The moduli spaces of weighted $n$-pointed stable curves of genus $g$ together with reduction and forgetful morphisms were introduced by Hassett in [4]. Following his construction we introduce in [3] the category among such genus zero curves, which we call Hassett category. Losev and Manin introduced in [5] the spaces which parametrize the stable curves of genus $g$ endowed with smooth painted by black and white points. Manin proved in [6] that this space can be realized as a Hassett space with suitable weighted points. Analogously, we introduce the Losev-Manin category determined by the these genus zero curves.

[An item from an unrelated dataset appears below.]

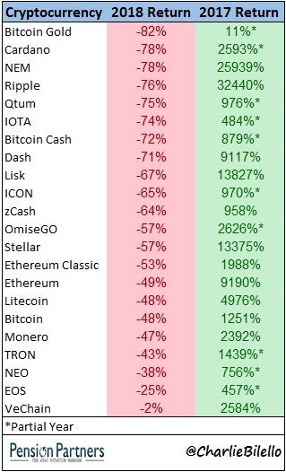 Every major cryptocurrency is down in 2018 with average return of -58%

The space $\overline{\mathcal{M}}_{0,n}$ is the well-known GKDM compactification of the moduli space of genus zero $n$-pointed curves. It is proved by Kapranov that $\overline{\mathcal{M}}_{0,n}$ can be identified with the Chow quotient of the complex Grassmann manifold $G_{n,2}$ by the action of the algebraic torus. In the paper [2] Buchstaber and Terzi\'c introduced the notion of the universal space of parameters $\mathcal{F}_{n}$ for the canonical compact torus action $T^n$ on $G_{n,2}$, which is a compactification of the space of parameters of the main stratum. For the description of the outgrows in this compactification we used the structure ingredients of the orbit space $G_{n,2}/T^n$ and proved that $\mathcal{F}_{n}$ can be identified with $\overline{\mathcal{M}}_{0,n}$, providing the description of $\overline{\mathcal{M}}_{0,n}$ in terms of the equivariant topology of $G_{n,2}$.

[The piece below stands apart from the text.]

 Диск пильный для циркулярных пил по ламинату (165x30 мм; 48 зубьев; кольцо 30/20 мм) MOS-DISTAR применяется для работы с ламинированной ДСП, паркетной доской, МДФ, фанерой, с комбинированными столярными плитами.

In this talk we show that the Hassett category as well as the Losev-Manin category can be modeled in terms of the ingredients of the topological model $(U_n, p_n)$ constructed by Buchstaber and Terzi\'c [1] for the description of the orbit space $G_{n,2}/T^n$, where $U_n = \Delta_{n,2}\times \mathcal{F}_{n}$ for the hypersimplex $\Delta_{n,2}$ and a smooth compact manifold $\mathcal{F}_{n}$ and $p_n : U_n \to G_{n,2}/T^n$ is a continuous surjection.

The talk is based on the joint work with Victor M. Buchstaber.

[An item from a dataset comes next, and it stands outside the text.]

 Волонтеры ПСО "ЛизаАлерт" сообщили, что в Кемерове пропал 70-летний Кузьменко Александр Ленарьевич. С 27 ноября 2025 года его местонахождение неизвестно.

[1] Victor M.~Buchtaber, Svjetlana Terzi\'c, {\em Resolution of Singularities of the Orbit Spaces $G_{n,2}/T^n$}, Trudy Mat. Inst. Steklova, {\bf 317} (2022), 27--63.

[2] Victor M.~Buchstaber, Svjetlana Terzi\'c, {\em The orbit spaces $G_{n,2}/T^n$ and the Chow quotients $G_{n,2}/\!/\! (\mathbb{C}^{\ast})^{n}$} of the Grassmann manifolds $G_{n,2}$, Mat.~Sbornik, {\bf 214}, Iss.~12, (2023), 46--75.

[3] Victor M.~Buchtaber, Svjetlana Terzi\'c, {\em Moduli spaces of weighted pointed stable curves and toric topology of Grassmann manifolds}, preprint, 2024.

[4] Brendan Hassett, {\em Moduli spaces of weighted pointed stable curves}, Advan.~in Math.~{\bf 173}, Iss.~2, (2003), 316--352.

[5] Andrey Losev, Yuri Manin, {\em New moduli spaces of pointed curves and pencils of flat connections}, Michigan Journ.~of Math., {\bf 48} (Fulton’s Festschrift) (2000), 443--472.

[6] Yuri Manin, {\em Moduli stacks $\overline{L}_{g,S}$}, Mosc.~Math.~ Journal, {\bf 4}, Iss.~1, (2004), 181--198.